The campaign’s killer sound bite belonged to AOC: “It’s not your age that counts,” said the politician born in 1989, 13 years after Markey was first elected to the House. “It’s the age of your ideas.”
So strong was the Kennedy magnetism in days past that for a Gillette stockroom supervisor named John F. Kennedy — no relation to the wealthier lot — simply getting himself on the ballot for state treasurer in 1954 was enough to win him three terms. (Charisma by association finally failed him when he ran for governor in 1960.)
But fascination with the Kennedy Mystique should not cloud the important message out of Massachusetts: The progressivism of the young is now dyed deep green.
It’s been clear for a while that the word “socialism” is no longer a dealbreaker for younger voters. If the old associate it with the oppression of the Soviet Union, the young think of it as describing Denmark or Norway — lovely, livable places with decent social programs. And the young left, as AOC knows, sees climate change as a decisive voting issue because it’s the existential challenge of our time. This is also increasingly true among older Democratic middle-class suburbanites and city voters living in the rehabbed neighborhoods of lofts and exposed brick.
Markey’s victory follows the spectacular rise in the fortunes of Green parties in Europe, particularly in France and Germany. Green politics is displacing the politics of the older left — one reason the ailing French Socialist Party is looking for survival though an alliance with environmentalists.
But, yes, politics is local, too, and Markey, the son of a milkman, became the hero of Greater Boston’s suburban liberals, overwhelming Kennedy by 3 to 1 in Lincoln, better than 2 to 1 in Brookline, and by nearly as much in Newton, Natick and Weston. (Markey won Cambridge, home to Harvard University, by nearly 4 to 1.)
Kennedy carried the older mill towns — among them Springfield, Lynn, Fall River, Chicopee and Worcester — but not by enough to avoid an 11-point loss. The pattern echoed the 1968 Democratic presidential primary battles between suburban liberals who rallied to Sen. Eugene McCarthy (Minn.) and the White-working-class and minority voters who embraced Robert F. Kennedy, Joe Kennedy’s grandfather.
This generation’s Kennedy, with a gift for connecting with people, had many reasons to think he could beat Markey. As recently as a month ago, polls showed Kennedy within reach of victory.
And the 39-year old Kennedy, looking down the road and pondering the talented bench of other Democrats in his state — among them Rep. Ayanna Pressley and Attorney General Maura Healey — figured it was better to take a one-on-one shot against Markey now than to wait his turn.

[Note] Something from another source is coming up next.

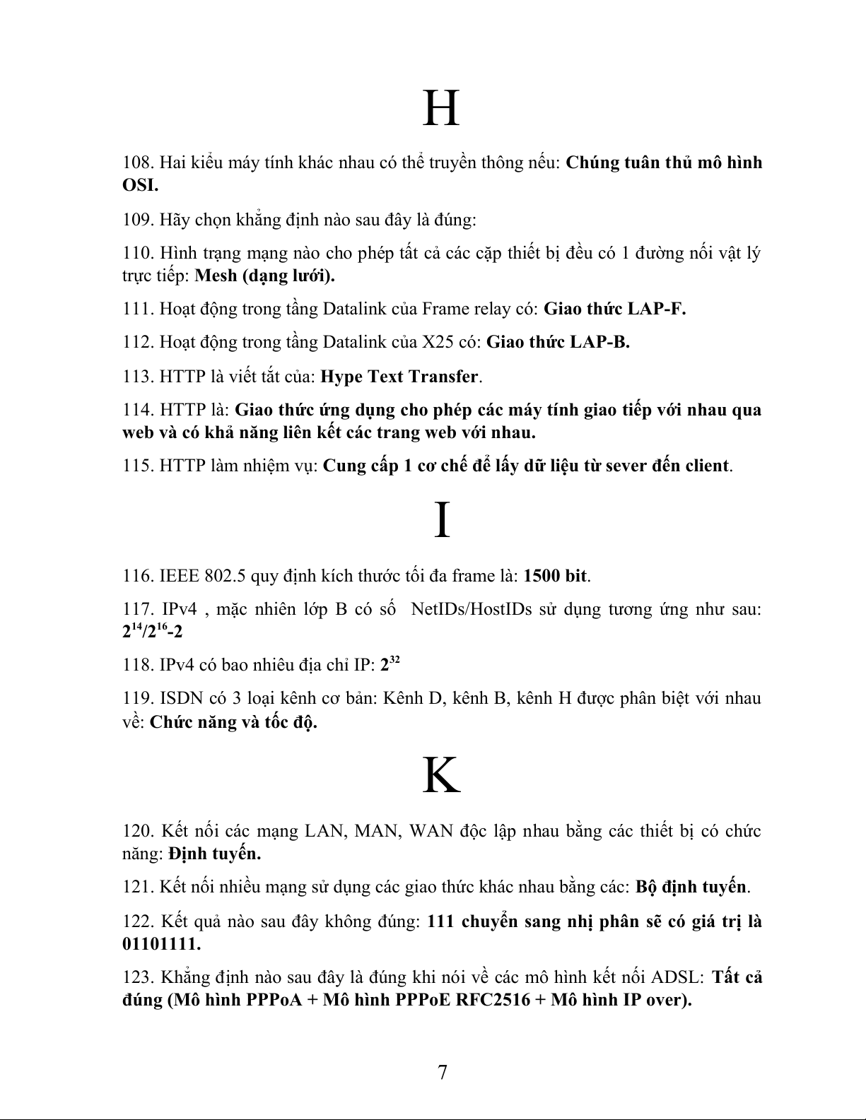 7. Các chuẩn Jpeg, TIFF, ASCII, EBCDIC do tầng nào của mô hình OSI định nghĩa: Aplication.

Polling suggested that Markey, who won a special election in 2013 held after Sen. John F. Kerry was named secretary of state, had not made a particularly strong impression on the state and seemed to many voters as more Washington than Malden, his working-class hometown. Kennedy promised a whirlwind of energy and pledged to pay close attention to local and constituent needs. Other longtime incumbents had been knocked out. Why not Markey?

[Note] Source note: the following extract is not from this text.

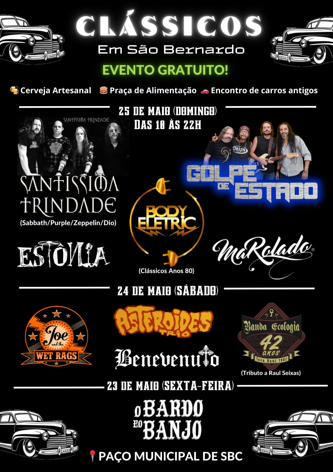 Neste final de semana terá exposição de carros antigos no Paço Municipal de São Bernardo do Campo, com muitas apresentações musicais, cervejas artesanais, praça de alimentação, artigos rock’n’roll e artesanato.

Yet, beyond offering vigor and a voice for the future, Kennedy never provided a clear rationale for why he was running or why Markey should be fired. In the meantime, Markey made a powerful case that he has been an anti-establishment figure since his days as a rebel in the state legislature. And he built a record as a longtime ally of environmentalism and other causes associated with the young — from the nuclear weapons freeze in the 1980s to net neutrality.
Not everything went the progressives’ way in Tuesday’s primary: Longtime Massachusetts House members Richard E. Neal and Stephen F. Lynch survived vigorous challenges from their left. You could say it was a good night for older incumbents. That shouldn’t obscure what Markey achieved.
Don’t count Kennedy out forever; bringing the legacy down a peg may, paradoxically, increase his popularity. But Markey’s triumph really was, as he proclaimed in his victory speech, “a celebration of a movement.” He’ll now always be known for working a political miracle — and for making clear, to borrow from JFK, that saving the planet is this generation’s long twilight struggle.